For metadata, do you have an email where I can send it ?

psarna commented 7 years ago

Go with support@lizardfs.com, someone will check it tomorrow during office hours.

guestisp commented 7 years ago

Mail sent. Meanwhile, no other test to run ? I would like to test Lizard....

guestisp commented 7 years ago

Wait, i've double checked.
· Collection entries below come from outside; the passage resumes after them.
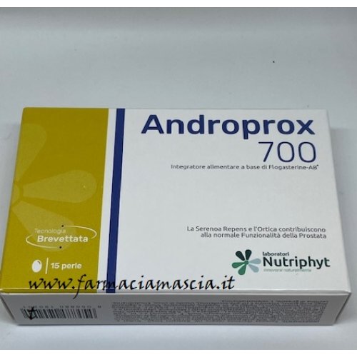 ANDROPROX 700 15 PERLE SOFTGEL è un integratore alimentare a base di numerosi estratti vegetali utile per favorire la corretta fisiologia delle vie urinarie e della prostata. Il prodotto presenta la seguente composizione: Serenoa frutto estratto lipidico-sterolico 90% Acidi grassi totali; Gelatina alimentare; Pygeum corteccia e.s. 2,5% Betasisteroli; Ortica radici e.s. 0,8% Betasitosterolo; Agente umidificante: Glicerolo vegetale; Pomodoro frulli e.s. 6% Licopene; Emulsionante: Lecitina di girasole; Stabilizzante: Cera d'api bianca; Zinco citrato; Acqua; Vitamina E; l-seleniornetionina: Coloranti: Titanio diossido, Ossido di ferro e complessi rameici della Clorofilla.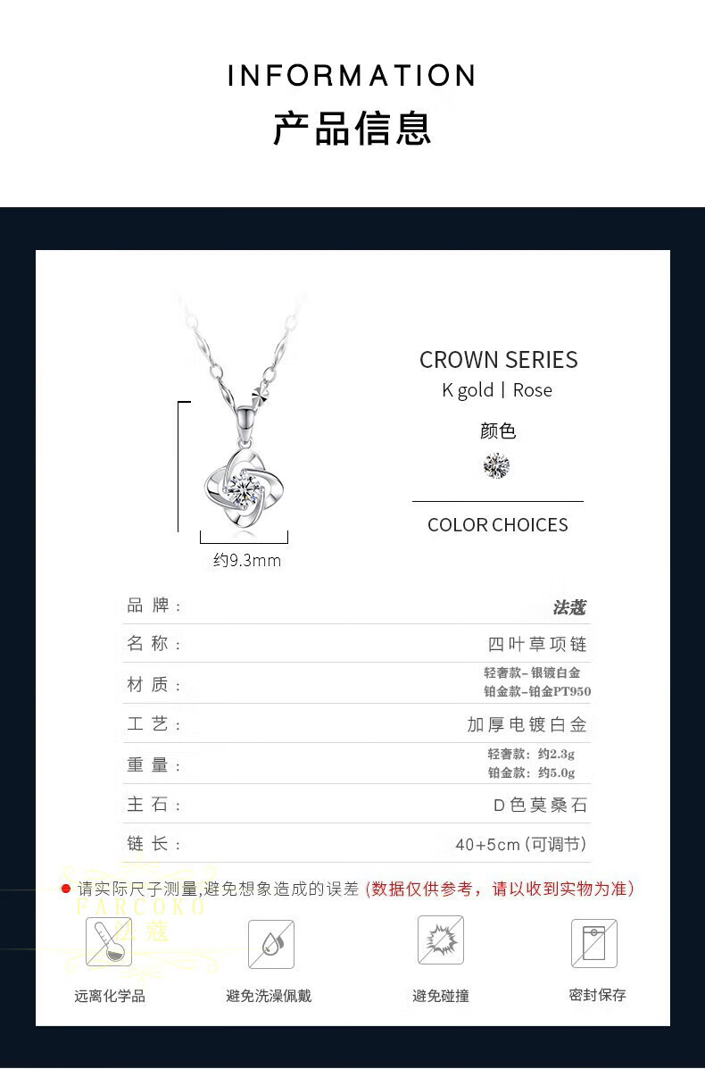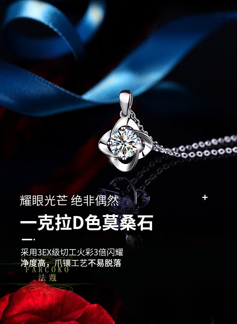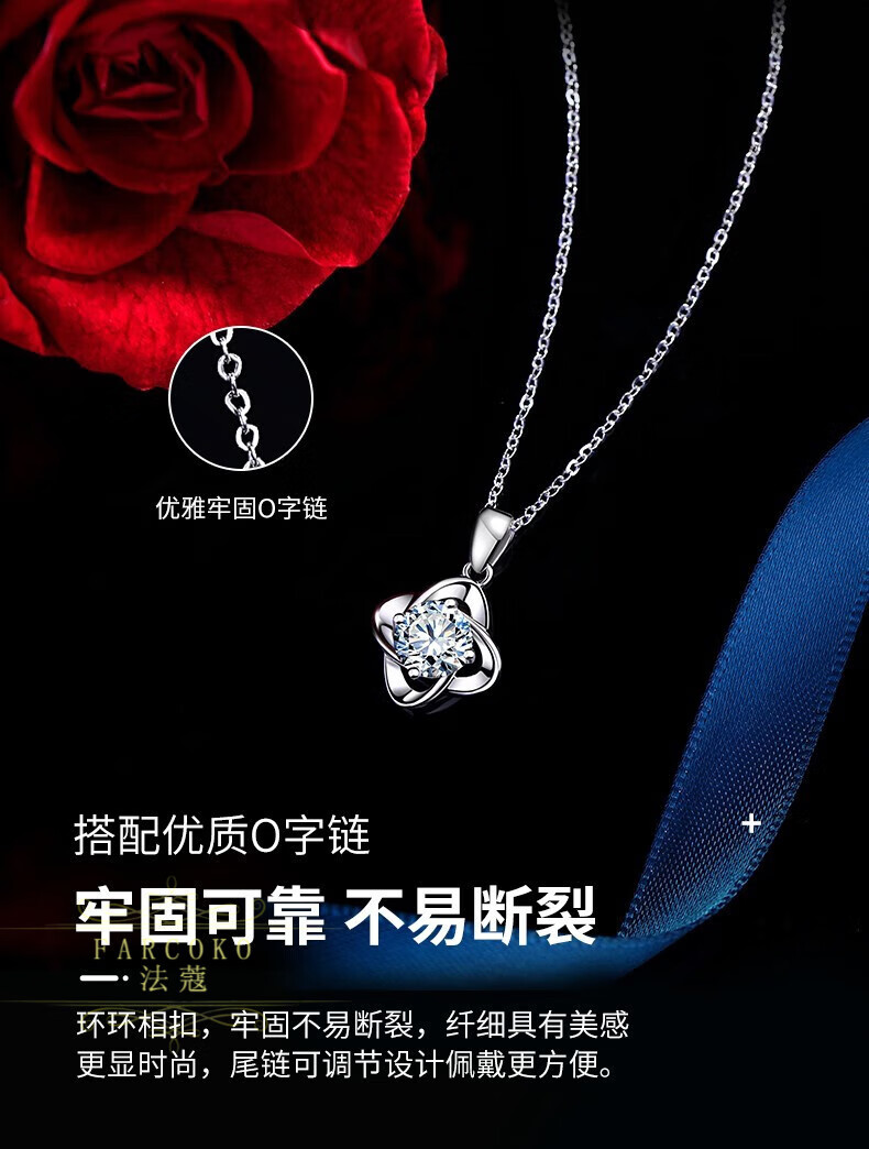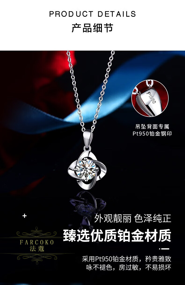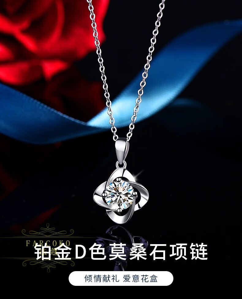 Farcoko PT950 platinum necklace women's new four-leaf clover light luxury niche clavicle chain Chinese Valentine's Day birthday gift for girlfriend light luxury model - set with D color flawless moissanite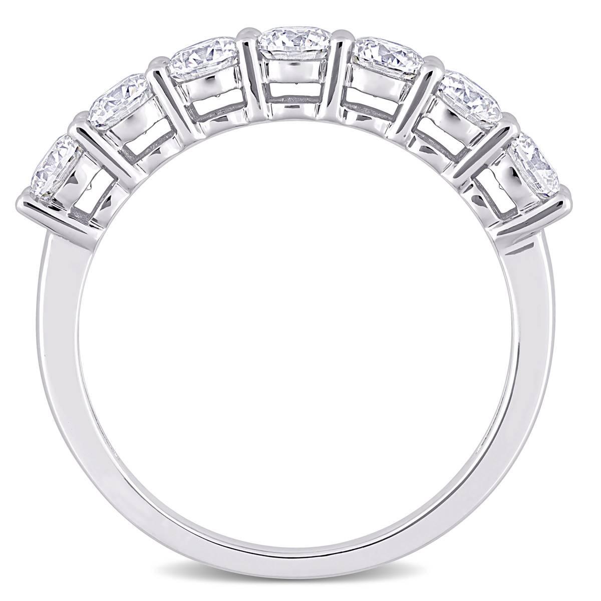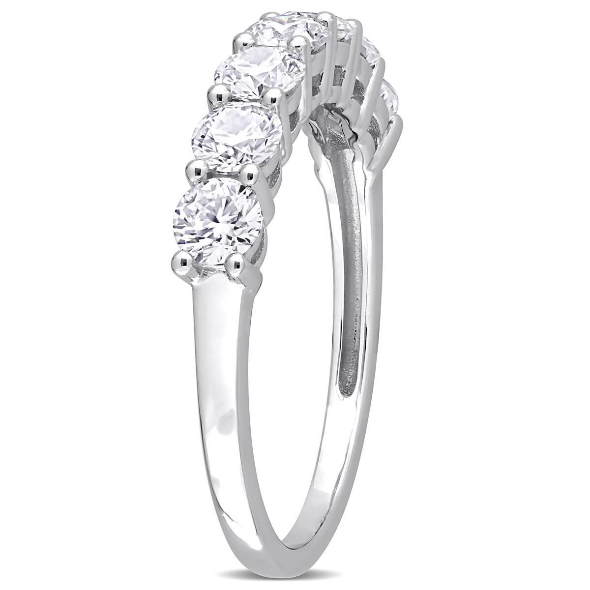 This classic Gemstone Classics™ anniversary band is crafted in sterling silver. This stunning eternity ring features seven round-cut, prong-set glowing created white moissanite gemstones. Show that special someone how much you love them with this gorgeous stackable wedding band and make her feel like a princess.

After master timeout the operation :

Apr 24 20:53:07 ale-XPS13 mfsmount[6360]: write file error, inode: 3, index: 0 - error sent by master server (Chunk lost) (try counter: 30)
Apr 24 20:53:07 ale-XPS13 mfsmount[6360]: error writing file number 3: EIO (Input/output error)
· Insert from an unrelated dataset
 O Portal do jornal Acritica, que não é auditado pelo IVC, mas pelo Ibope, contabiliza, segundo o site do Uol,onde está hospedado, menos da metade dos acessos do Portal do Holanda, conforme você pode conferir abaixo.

chunks were totally removed:

# lizardfs fileinfo /mnt/lizard/test.img
/mnt/lizard/test.img:
/mnt/lizard/test.img [0]: No such chunk
# find /tmp/ -name "*000000000000001B*"
root@ale-XPS13:/tmp# 
psarna commented 7 years ago

https://github.com/lizardfs/lizardfs/issues/526 <- This issue is also related to wrong code generated by new GCC. Ubuntu 17.04 is new, so it has this high GCC version as well. Fix was added here: https://github.com/lizardfs/lizardfs/commit/422175eb1aa8c2a1e4d0727ee3fe8190e1ae1340

Can you check if this is solves the case?

psarna commented 7 years ago

*and it is solved in 3.10.6, but this patch can be cherry-picked to 3.10.4 without conflict.
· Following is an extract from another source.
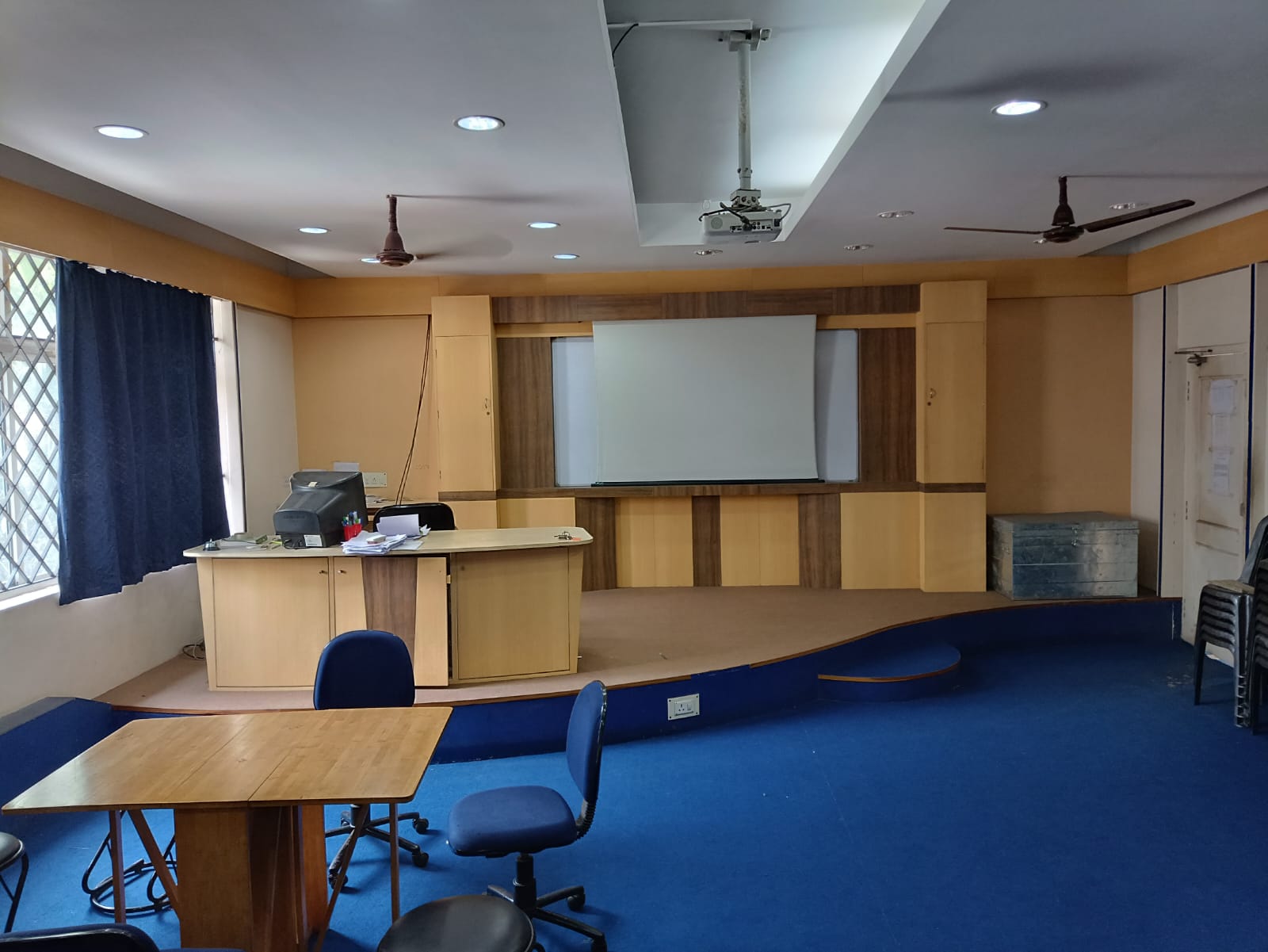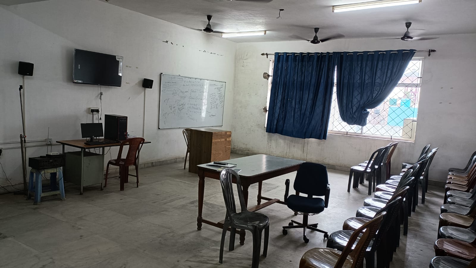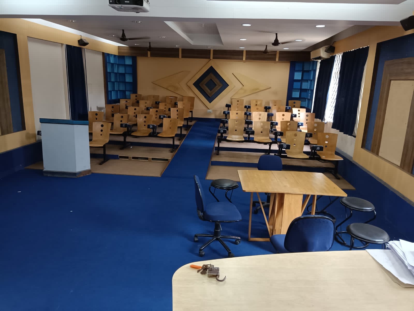 The language laboratory is situated at a very pivotal area of electrical building beside the dark room of physics laboratory. The laboratory is specious with ample light and air being ventilated through the wide window .The room has the capacity to seat 40 students together. The PC is placed on the table beside the white board attached on the wall close to the wide window. There is a television also connected with the pc which helps students in audio visual purpose. Its also used to support the power point presentation the learning process is designed by WBUT syllabus. A podium is placed in front of the white board for making speech or for conducting any event. Important belonging like buzzer ,microphone, stopwatch are kept in the drawer attached with the podium . All these necessities are required for organising public speaking as well as GD and debate. A large table is also kept in front of the PC table for organising GD.

guestisp commented 7 years ago

I have to manually build lizard? With 3.10.6 from you repo, I have to replace all paths and user permissions

Isn't possible to push the 3.10.6 to official Ubuntu repo? Because the version coming with Ubuntu is useless and not working at all

psarna commented 7 years ago

I have literally no power over official Ubuntu repos :)

psarna commented 7 years ago

Also, unification of paths and permissions is coming, but it's not easy to predict all paths to avoid potential problems with LizardFS upgrades, so it will take time to prepare these patches.

guestisp commented 7 years ago

I'll try to build a package from Ubuntu sources by cherry picking this patch. Should I build only the master ?

psarna commented 7 years ago

Master is enough for this patch to work.

guestisp commented 7 years ago

rebuilt the package by cherry-picking the patch. Now is working.